Monday 19 November 2018

The Scleroderma Tooth Fairy. Scleroderma, Raynaud's, Autoimmune Rare Disease. Nicola Whitehill.

The Scleroderma Tooth Fairy. 
Scleroderma, Raynaud's, Autoimmune Rare Disease. 

#RaynaudsFreeWorld #SclerodermaFreeWorld  

Over here in the northern hemisphere the summer holidays have finished. As scleroderma patients, we know all too well, that we do not have a holiday from this diagnosis. 

More often than not, the management of the multi complex symptoms makes for a full time job

I have previously, likened my experience to being an Olympic athlete

However, this year, I feel that my experience has been more like a circus performer, by way of juggling the many demands which my disease brings.

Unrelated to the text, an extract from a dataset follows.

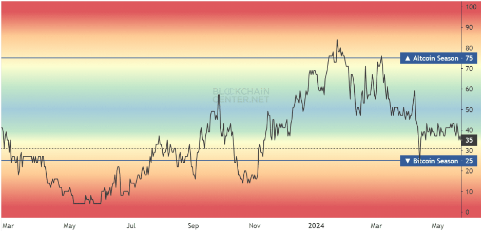 As a researcher studying market sentiment towards altcoins, I’ve been closely monitoring the Altcoin Season Index. Currently, this metric stands at a relatively low 35. In comparison, readings as high as 80 were recorded only six months ago. This significant decrease indicates that altcoins have yet to fully benefit from the potential surge in Bitcoin’s value.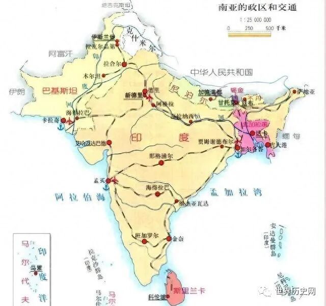 一部分是人口少、面积大的巴基斯坦本土,另一部分是人口多、面积大的孟加拉国(原东巴基斯坦)。小领土。而印度也被孟加拉国一分为二。东部是阿萨姆人和其他与印度原住民语言和品种不同的少数民族,西部是印度教和印地语为主要语言的原住民。连接巴基斯坦东西部的海路可以被印度海军切断,印度通往阿萨姆邦东北部地区的陆路也可以被东巴基斯坦(孟加拉国)轻易切断。

Although the warmer temperature during the summer months, 'The Magic of Summer', is most welcome, a different set of symptoms present, with pain, fatigue and 'tin man' being a constant.   

The seasonal change from summer to autumn always causes me to have a heavy heart, even though I try to not let this seasonal reality sadden me. 

I know that I will have to prepare for battening down my hatches, and a return to my eskimo-style outfits.

This year, I have been very fragile, having starting the year with shingles. 

At the start of spring 2018, I wrote about the Pandora's Box and my skin cancer experience.   

I also wrote about my ongoing dental issues due to my diagnosis, 'If we only had more research'.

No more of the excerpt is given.